Leaderless Debian - Tomte
https://lwn.net/SubscriberLink/782786/1b0334c3a2a9d8b1/
======
ilovecaching
Controversial opinion warning, and I would love to hear some counterpoints
outside of my thought bubble.

I've never understood the appeal of Debian or Ubuntu, or I guess I don't
understand why people would invest so much time in them compared to Fedora and
Redhat. In actual buisness dealings Redhat has always led the way in
enterprise (whole data centers), kernel development (a bunch of the
maintainers work for them and they lead efforts like cgroups v2), and other
highly technical pieces of the ecosystem, including acquiring all of the start
developers (such as the systemd folks). Investing in Redhat is an investment
into a deeper understanding of LInux through their excellent documentation and
well paying positions through their famously good certifications.

There is of course a lot of debian and ubunutu out there in small deployments,
usually individuals, small buisnesses, and education, but they are ultimately
less lucrative and more oriented towards beginners/hobbyists. At least Ubuntu
used to be. I'm not really sure who the target audience of debian is.

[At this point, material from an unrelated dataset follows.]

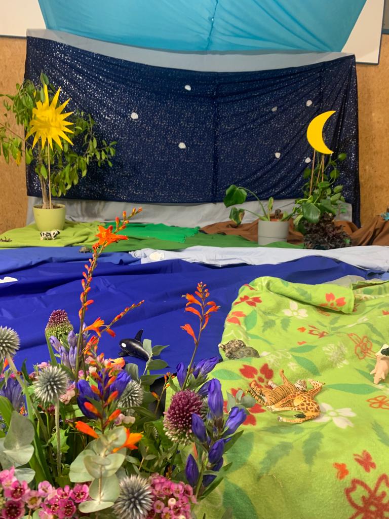 Nach einem leckeren Mittagessen gingen wir der Frage nach, was wir als Menschen eigentlich für eine Aufgabe haben: wir sollen uns um diese Erde kümmern, um die Umwelt, um unsere Mitmenschen und um uns selbst. Wie das konkret aussehen kann, da kann man unsere Vorschulkinder befragen. Sie hatten viele kluge Gedanken dazu. Für manch eine:n war der Tag so anstrengend, dass bei der Abschlussrunde die Kräfte fehlten, als wir die große Weltkugel im Kreis rollen ließen. Wir leben auf einer wunderschönen Erde, das haben wir heute festgestellt. Lasst uns tun was uns möglich ist, um gut auf sie aufzupassen!

I've also never understood the appeal of .deb or apt, or what debians end goal
is. They never seem to be doing anything that interesting except grinding away
at repackaging everything. Canonical is just flailing to find some sort of
niche and historically (Ubuntu phone, Mir, Open Stack, Upstart, probably snap)
they are incredibly bad at finding relevance. I think having multiple
packaging ecosystems is the stupidest idea in the world, and don't see the
value add except giving people the illusion of more choices.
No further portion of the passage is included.